MALMO, Sweden (Reuters) -Switzerland on Saturday won Eurovision 2024 in Swedish host city Malmo, beating runner-up Croatia, after having been among bookmakers’ top-three to win the competition.

Billed as a feel-good celebration of European diversity, this year’s contest has been thrust into the political spotlight with calls for Israel to be excluded over its military campaign in Gaza, triggered by Hamas’ deadly attack on Oct. 7 in Israel.

Swiss rapper and singer Nemo, 24, won the contest with “The Code”, a drum-and-bass, opera, rap and rock song, about Nemo’s journey of self-discovery as a non-binary person.

“I want to say thank you so much, I hope this contest can live up to its promise and continue to stand for peace and dignity for every person in this world,” Nemo said, after receiving the Eurovision glass trophy on stage.

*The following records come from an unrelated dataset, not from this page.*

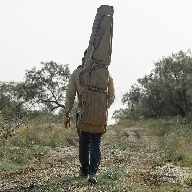 Le Eberlestock Sniper Sled Drag Bag 57" est une version allongée du célèbre modèle E2B, conçu pour transporter des fusils plus longs comme le Barrett L82A1M entièrement assemblé. Son design unique à triple pli et conique permet de l'étendre à plat en tant que tapis de tir, le troisième panneau servant de séparateur interne, accueillant deux fusils en toute sécurité.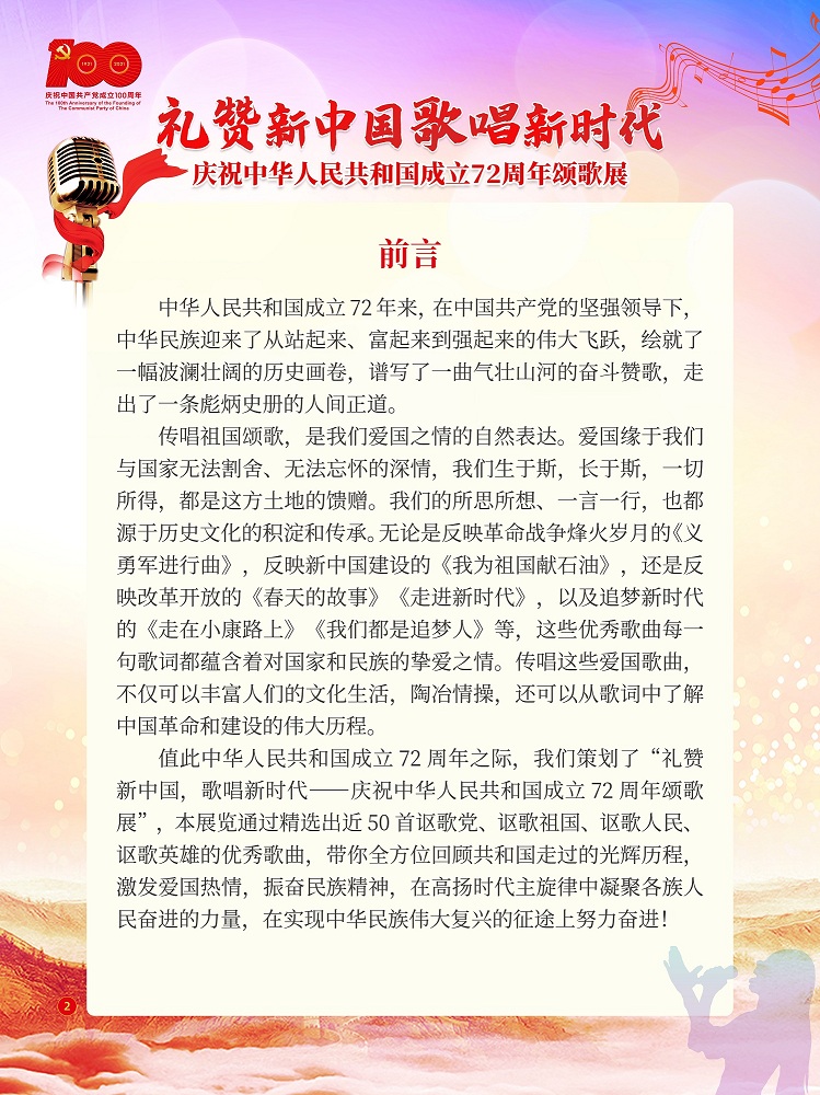 线上展览丨礼赞新中国,歌唱新时代——庆祝中华人民共和国成立72周年颂歌展
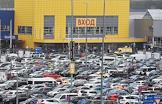 Москва во время режима самоизоляции из-за опасности распространения коронавирусной инфекции COVID-19. Второй этап снятия ограничений, введенных в связи с эпидемией коронавируса. Жанровая фотография. Гипермаркеты "ИКЕА и МЕГА Теплый стан" возобновили работу. Автомобильная парковка гипермаркета.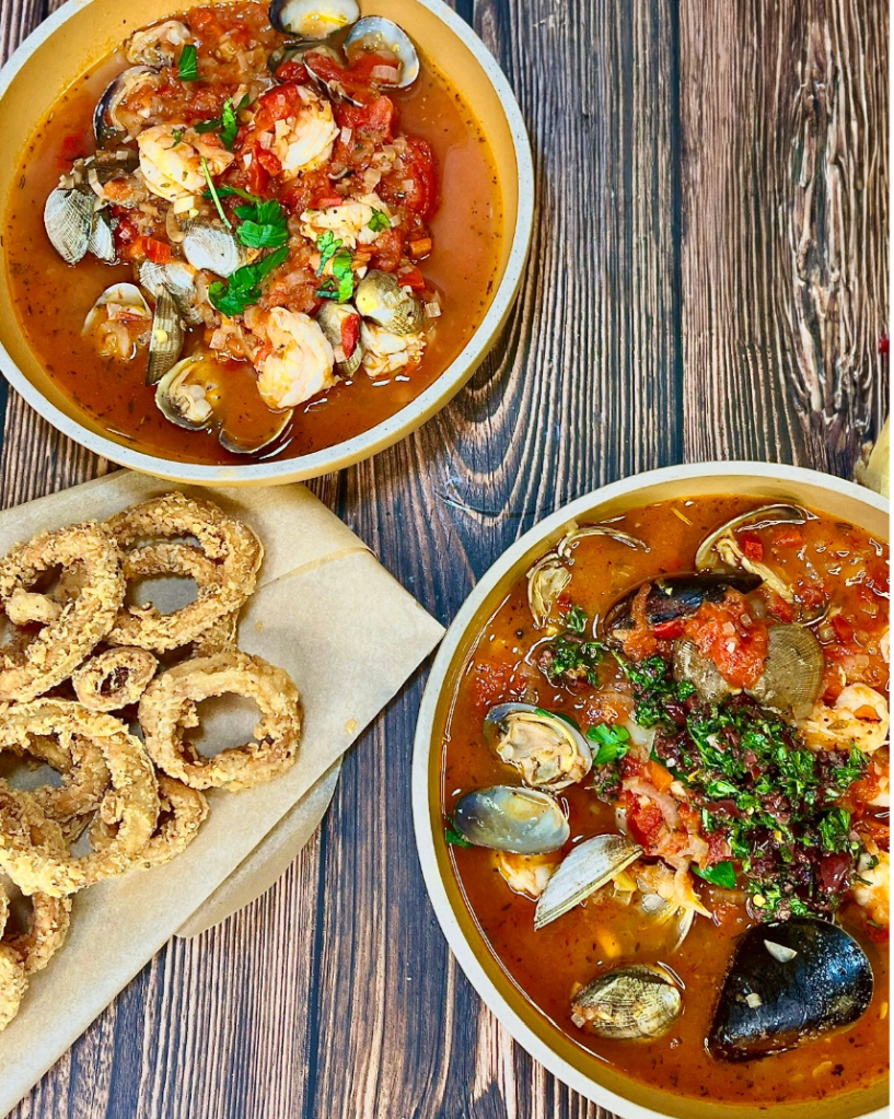 The stew, without seafood, can be made 2 days ahead and stored in the refrigerator, covered. When ready to serve, bake the fish and bring the stew to a simmer before adding the seafood.
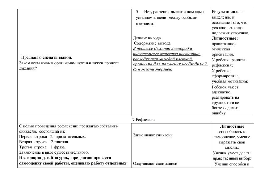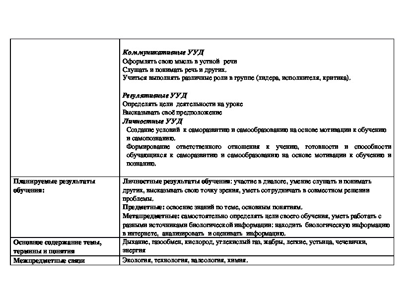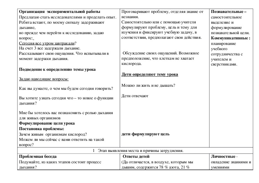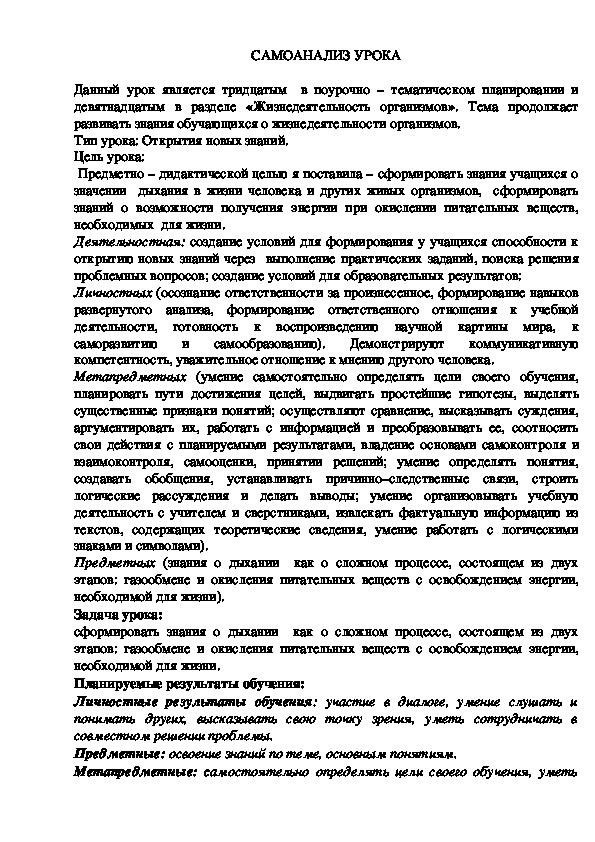 Предметных (знания о дыхании как о сложном процессе, состоящем из двух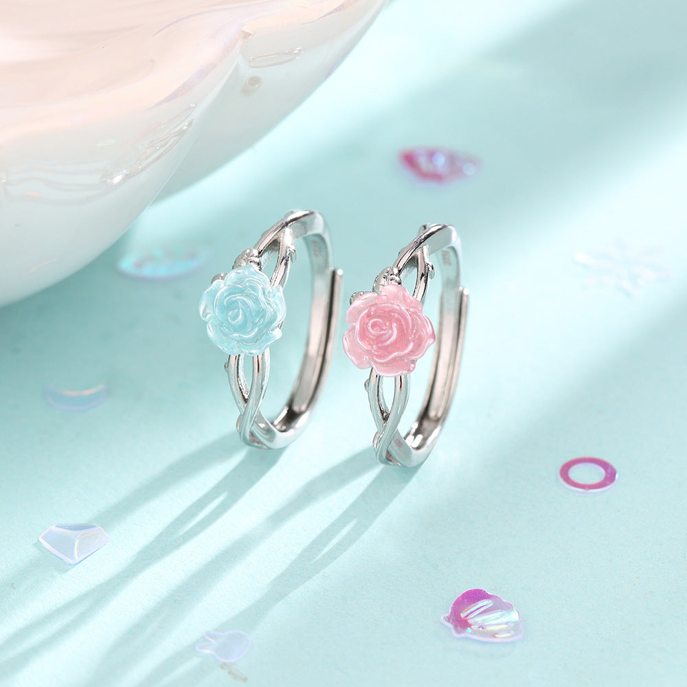 Wholesale Pink Blue Rose Ring Romantic Valentine' s Day Ring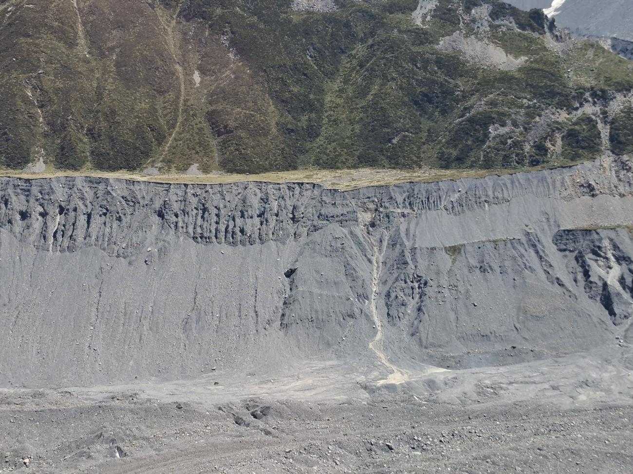 To reach the Tasman Glacier, continue on the track past Ball Hut for about 200m, until you reach a point where a large section from the edge of the terrace has been eroded into a gut in the moraine wall below (i.e. a huge bite has been taken out of the terrace edge). Start your descent here, dropping 100m down this gut onto a lower grassy terrace. The shape of the moraine wall changes every few years due to erosion, but this general area is likely to offer the best route for some time (2018).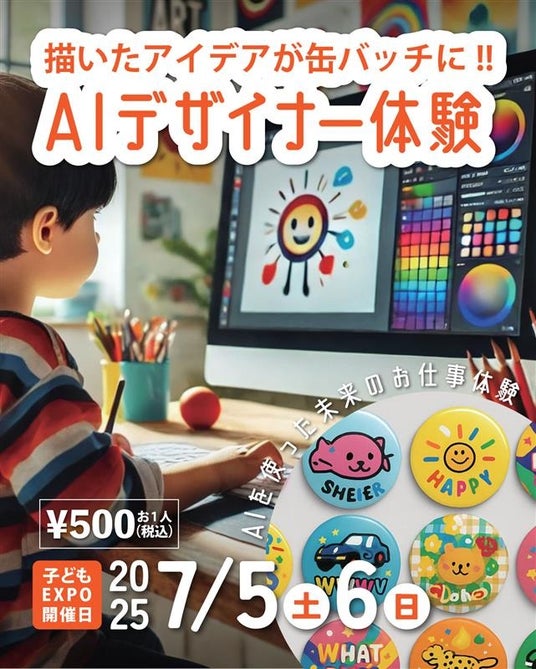 自分のアイデアが缶バッジに!未来のクリエイターはキミかも?子どもも大人も楽しめる"未来のしごと体験"!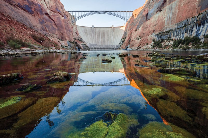Extremely cold water trickles out of the Glen Canyon Dam into what's left of Glen Canyon, forming an unnatural stretch of trout water on the Arizona/Utah border in a scene from DAMNATION. Photo: Ben Knight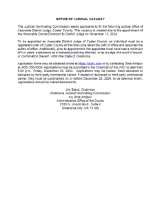 Application forms may be obtained online at https://okjnc.com or by contacting Gina Antipov at (405) 556-9300. Applications must be submitted to the Chairman of the JNC no later than 5:00 p.m., Friday, December 20, 2024. Applications may be mailed, hand delivered or delivered by third party commercial carrier. If mailed or delivered by third party commercial carrier, they must be postmarked on or before December 20, 2024, to be deemed timely. Applications should be mailed/delivered to: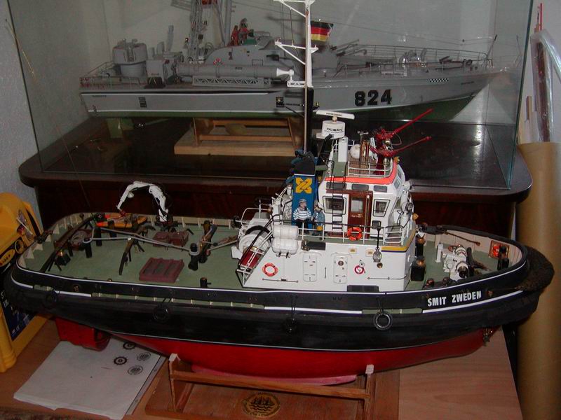 Hafen und Bergungsschlepper "SMIT SWEDEN" Maßstab 1:32 von Billing Boats mit zahlreichen Umbauten wie z.B. stärkere Antriebsanlage mit Zahnriemenantrieb

Croatia’s Baby Lasagna, real name Marko Purisic, 28, came second with “Rim Tim Tagi Dim”, a song about a young man who leaves home aspiring to become a “city boy” with better opportunities.

Israel’s Eden Golan, 20, finished fifth in the contest despite demonstrators’ calls for a boycott of the country.

The female solo artist on Thursday emerged as one of the leading contenders to win after qualifying for the final.

Booing was heard during Golan’s performance but also applause, a Reuters photographer in the auditorium said. The noise was partly audible in the broadcast viewed by tens of millions of people in Europe and around the world.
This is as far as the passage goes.